→ **ASSIGNMENT**
Pictures aside, the output must consist of the lines from the one containing "TOTAL TAC32041 - ը" through the end of the data, reproduced exactly.

→ **COLLECTED DATA**
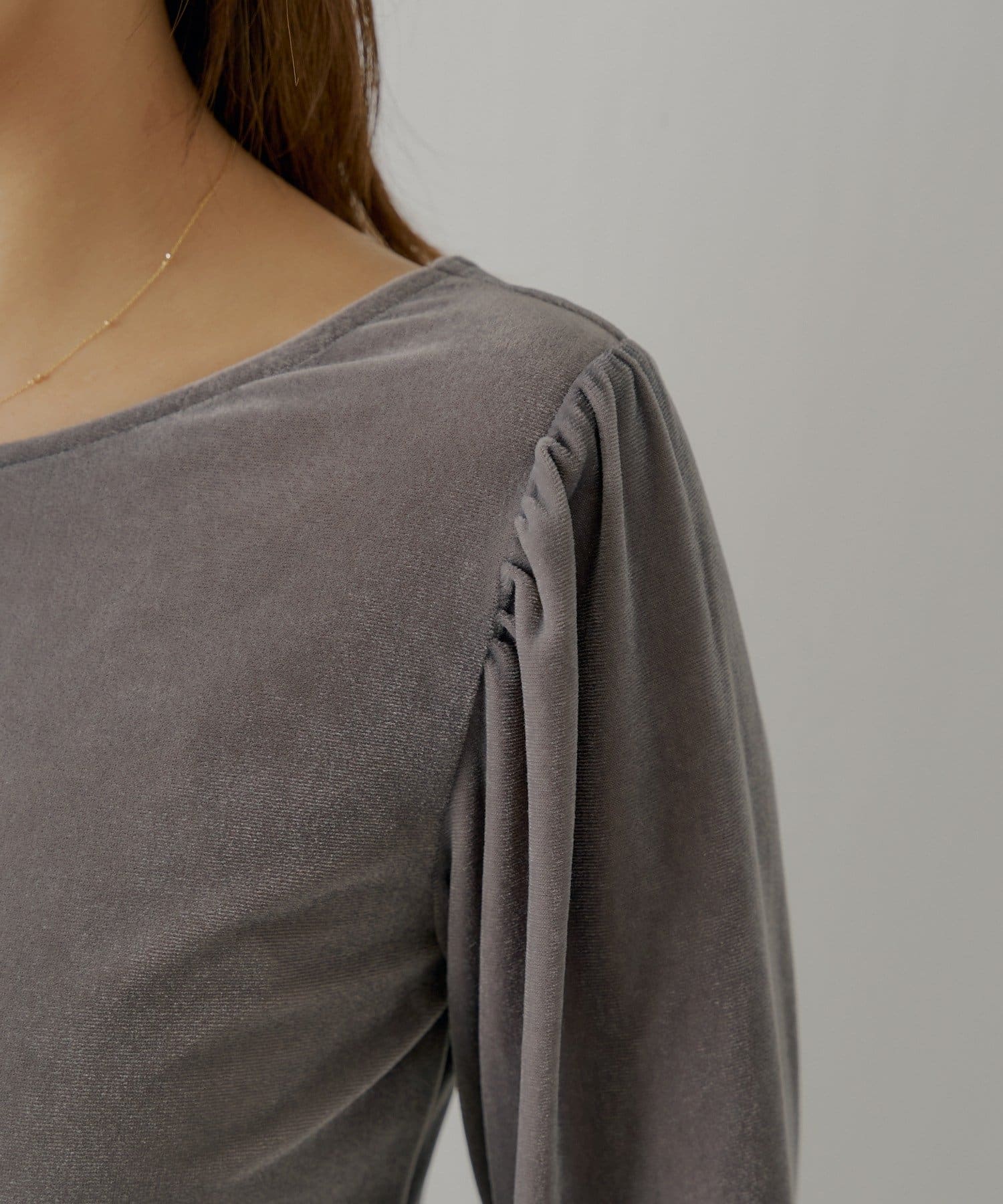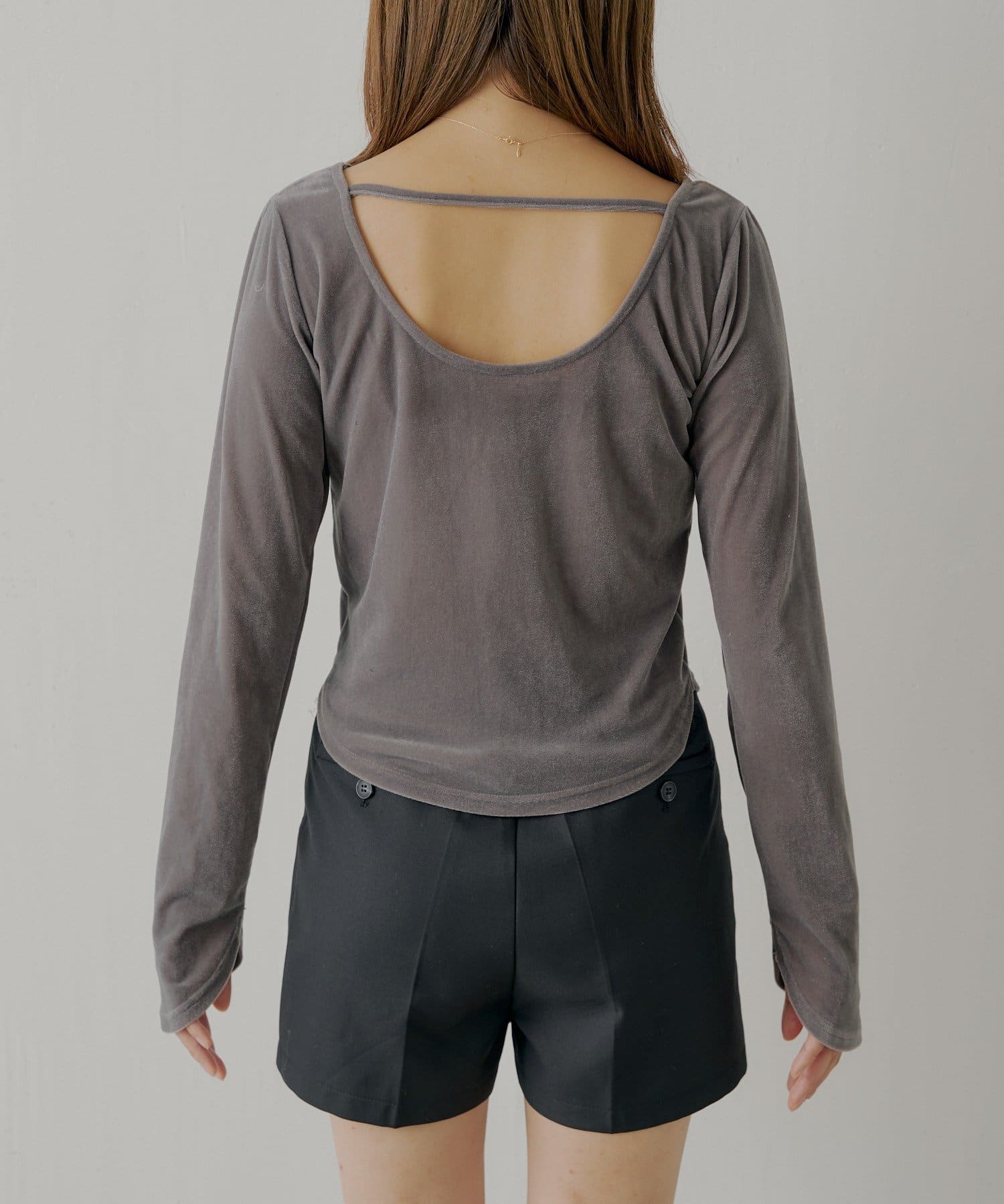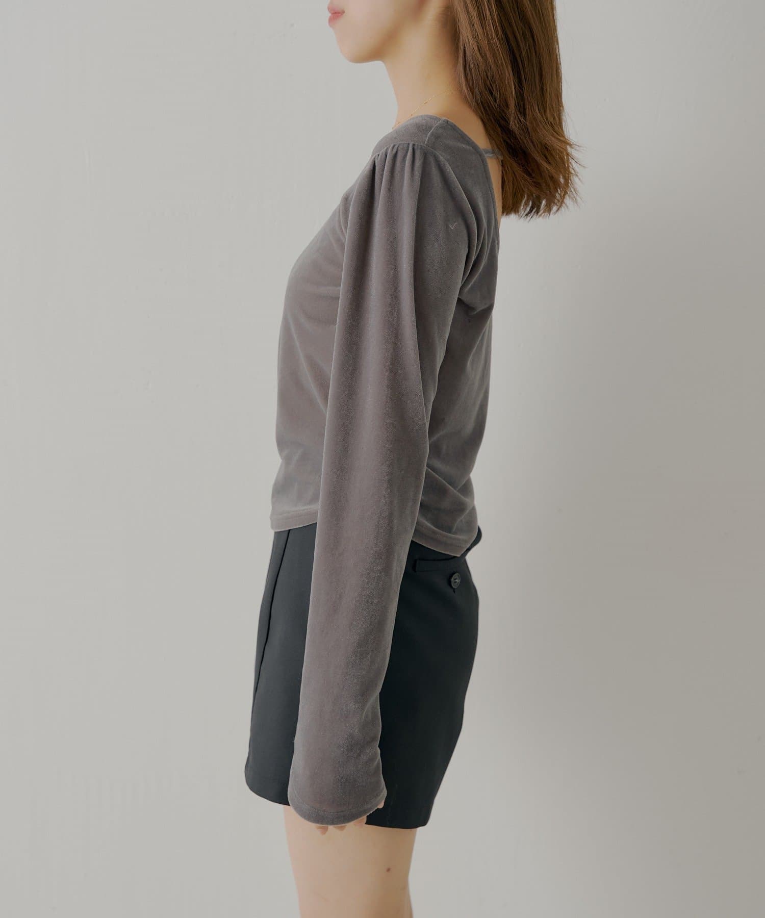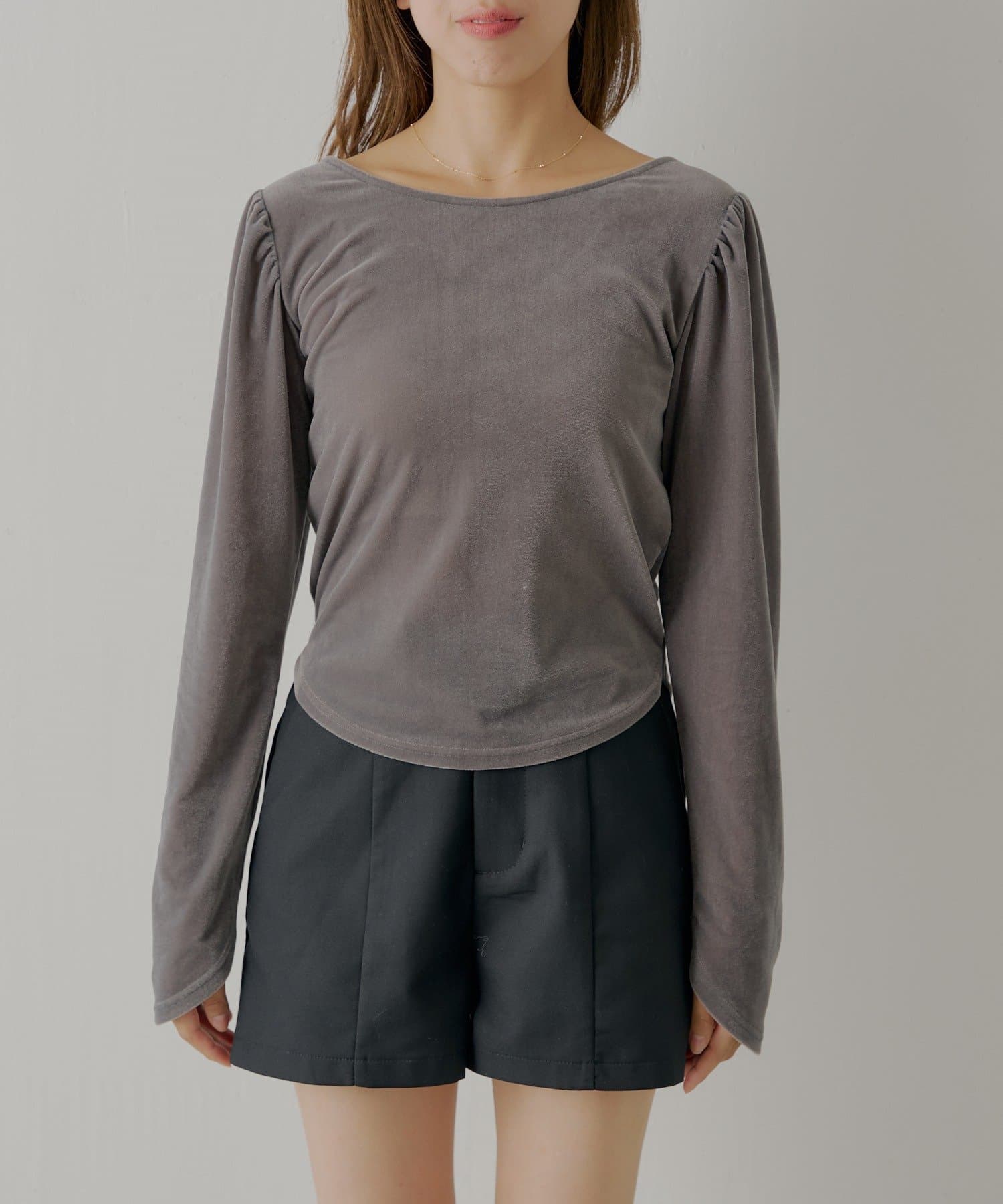 ・なめらかで光沢のあるベロア素材は、カジュアルながらも上品な印象に。
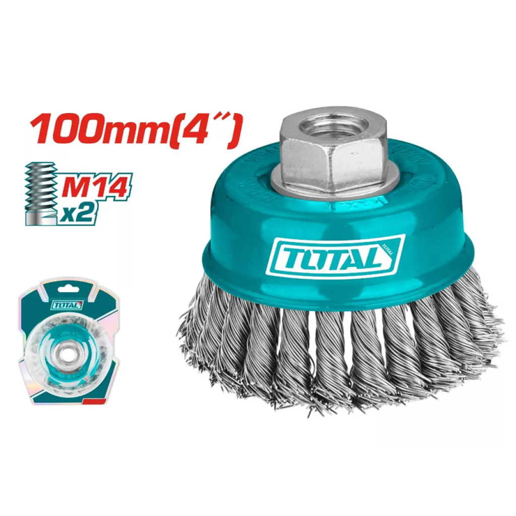 TOTAL TAC32041 - ը խոզանակը փոխարինող տարր է անկյունային հղկիչների համար : Այն օգտագործվում է լաքից , ներկից և ժանգից տարբեր մակերեսներ և ապրանքներ մաքրելու համար : Աշխատանքային մասը բաղկացած է արույրով ծածկված պողպատե մետաղալարից :
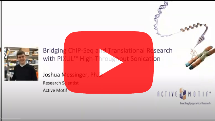 In dieser Episode der Active Motif Webinar-Reihe spricht Dr. Joshua Messinger, Wissenschaftler in der Forschung und Entwicklung, darüber, wie er den Einsatz von automatisierten Beschallungsgeräten, unserem PIXUL High Throughput Sonicator, zur Erhöhung des Durchsatzes und zur Anwendung von epigenetischen Analyse- und Forschungstechniken, wie ChIP-Seq, einsetzen konnte und dies mit der Translationalen Forschung und der Untersuchung klinischer Proben in einer Weise verbinden konnte, die vorher nicht möglich war.
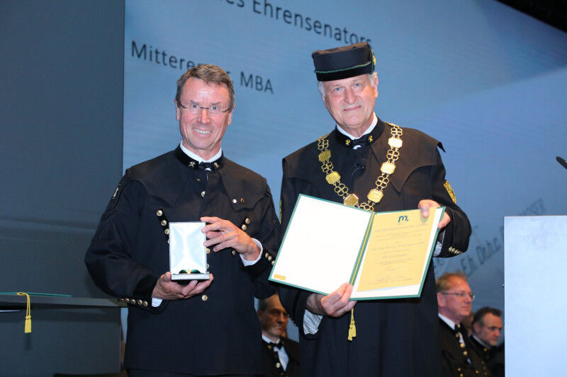 Ein besonderes Highlight war die Verleihung der Würde eines Ehrensenators an Dipl.-Ing. Markus Mitteregger, MBA CEO der RAG Austria AG. Die Verleihung erfolgte für seine wegweisenden Beiträge im Bereich der nachhaltigen Energiegewinnung und Energiespeicherung.,,Die Montanuniversität Leoben hat mir eine breite und zugleich fundierte tiefgehende Ausbildung geboten und mich in die Lage versetzt neue Technologien umzusetzen und damit ein Erdölbergbau-Unternehmen mit absehbarem Ablaufdatum an die sich die wandelnden Anforderungen anzupassen und ein erfolgreiches dauerhaftes Geschäftsmodell aufzubauen", betont Dipl.-Ing. Markus Mitteregger, MBA.

→ **YOUR SOLUTION**
 TOTAL TAC32041 - ը խոզանակը փոխարինող տարր է անկյունային հղկիչների համար : Այն օգտագործվում է լաքից , ներկից և ժանգից տարբեր մակերեսներ և ապրանքներ մաքրելու համար : Աշխատանքային մասը բաղկացած է արույրով ծածկված պողպատե մետաղալարից :
 In dieser Episode der Active Motif Webinar-Reihe spricht Dr. Joshua Messinger, Wissenschaftler in der Forschung und Entwicklung, darüber, wie er den Einsatz von automatisierten Beschallungsgeräten, unserem PIXUL High Throughput Sonicator, zur Erhöhung des Durchsatzes und zur Anwendung von epigenetischen Analyse- und Forschungstechniken, wie ChIP-Seq, einsetzen konnte und dies mit der Translationalen Forschung und der Untersuchung klinischer Proben in einer Weise verbinden konnte, die vorher nicht möglich war.
 Ein besonderes Highlight war die Verleihung der Würde eines Ehrensenators an Dipl.-Ing. Markus Mitteregger, MBA CEO der RAG Austria AG. Die Verleihung erfolgte für seine wegweisenden Beiträge im Bereich der nachhaltigen Energiegewinnung und Energiespeicherung.,,Die Montanuniversität Leoben hat mir eine breite und zugleich fundierte tiefgehende Ausbildung geboten und mich in die Lage versetzt neue Technologien umzusetzen und damit ein Erdölbergbau-Unternehmen mit absehbarem Ablaufdatum an die sich die wandelnden Anforderungen anzupassen und ein erfolgreiches dauerhaftes Geschäftsmodell aufzubauen", betont Dipl.-Ing. Markus Mitteregger, MBA.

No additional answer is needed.